司会者が厳かに「さあ皆さん、この年代物のバイオリン、いくらから始めましょうか。」と言うと、「100万!」「200万!」と声が上がりました。
 「200万だよ。誰か300万はいないか?」

 …「300万!」

 …「他になけりゃ300万円で決まるよ。」

 ここで1人の客が言いました。
 「わからんな。同じバイオリンなのに何で価値がそんなに上がったんだ?」
 すぐに答えが返ってきました。
 「マスターの業さ!」
  乱暴に扱われ値踏みされたバイオリンも、熟練したマスターの業で本来の価値を発揮できます。

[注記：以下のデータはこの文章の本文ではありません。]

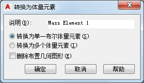 - 若要将所有选定对象转换为一个体量元素,请选择“转换为单一布尔体量元素”。

ただ恵みただ信仰で救われた私たちを通して世界は美しくなる

 罪と悲惨に満ちたこの世界、悪霊の支配下にあった私たちは本来の価値を失っていました。
 そんな私たち一人一人をイエス様は探して救い出しました。
 ただ恵み、ただ信仰で救われます。
 今や私たちは造り主の手に取り戻されています。マスターである創造主の業により、本来の価値を発揮できます。
 神の作品として善い業を行うのです。
 私たちを通して世界に美しい音色が響き渡ります。
 命の水があふれ流れ、すべてを生かします。
 神の栄光が現わされ暗闇を照らします。

 ルターが貼り出した紙切れが人々を神の言葉に立ち帰らせ、教会を変革し、世界を変えました。
 私たちは自分をごみ箱に捨てられる紙くずのように感じているかもしれません。
 そのような私たちでも、恵みにより信仰によって救われて、世界を美しく変えていきます。